Record extracts START

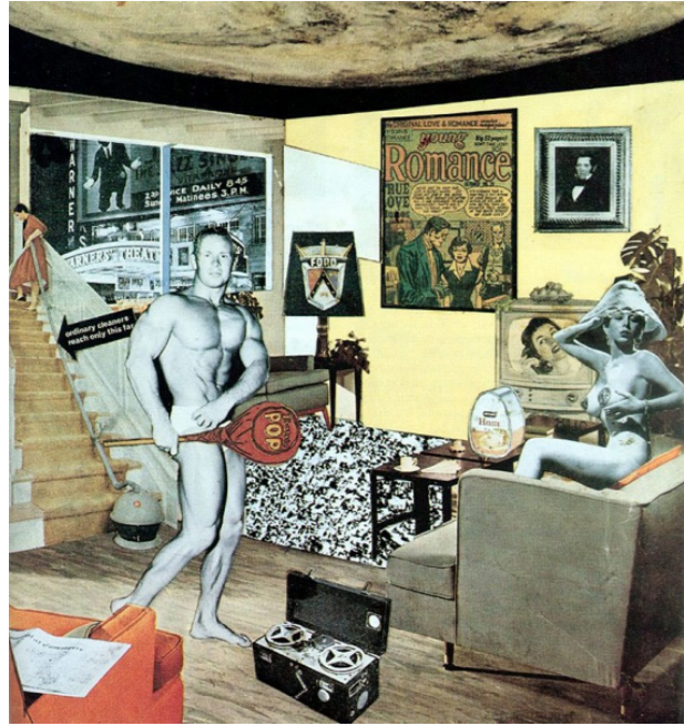
« Qu'est-ce qui rend nos foyers aujourd'hui si différents, si attirants ? » Collage 1956 - collection privée
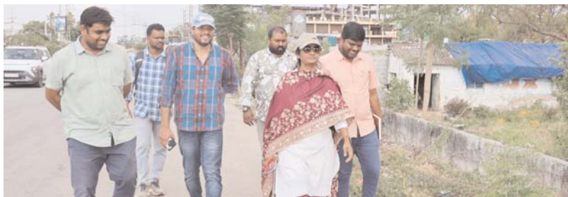
మేడ్చల్, అక్షరకలం ప్రతినిధి:
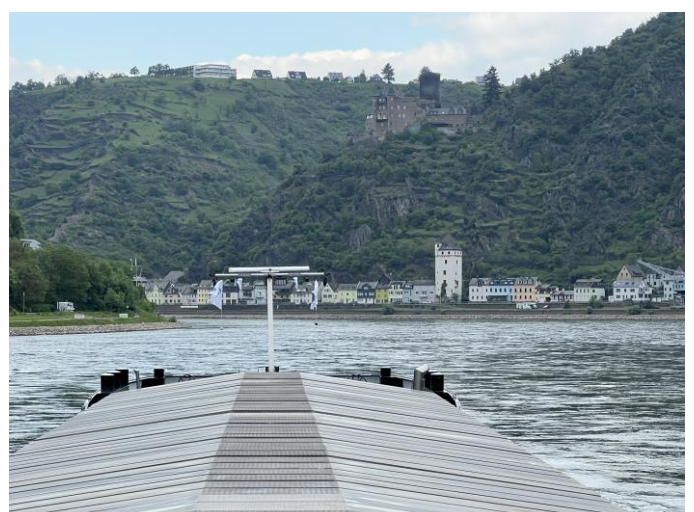
Containershipf MAXINE DEYMANN / St. Goarshausen mit der Burg Katz
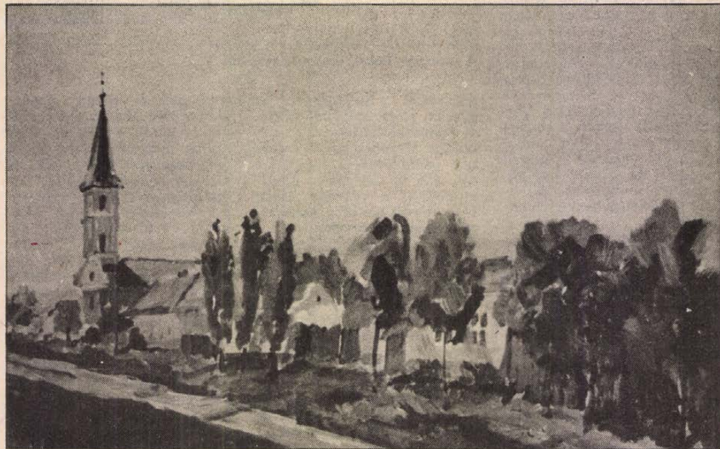
Balázs Tibor: Szülőház

— Szinte nem múlik el napom írás nélkül. A történelemért élek, hogy kortársaink és utódaink minél többet tudjanak meg a magyarság múltjáról.

Record extracts END

Transcribe the records above exactly, without images.

« Qu'est-ce qui rend nos foyers aujourd'hui si différents, si attirants ? » Collage 1956 - collection privée
మేడ్చల్, అక్షరకలం ప్రతినిధి:
Containershipf MAXINE DEYMANN / St. Goarshausen mit der Burg Katz
Balázs Tibor: Szülőház

— Szinte nem múlik el napom írás nélkül. A történelemért élek, hogy kortársaink és utódaink minél többet tudjanak meg a magyarság múltjáról.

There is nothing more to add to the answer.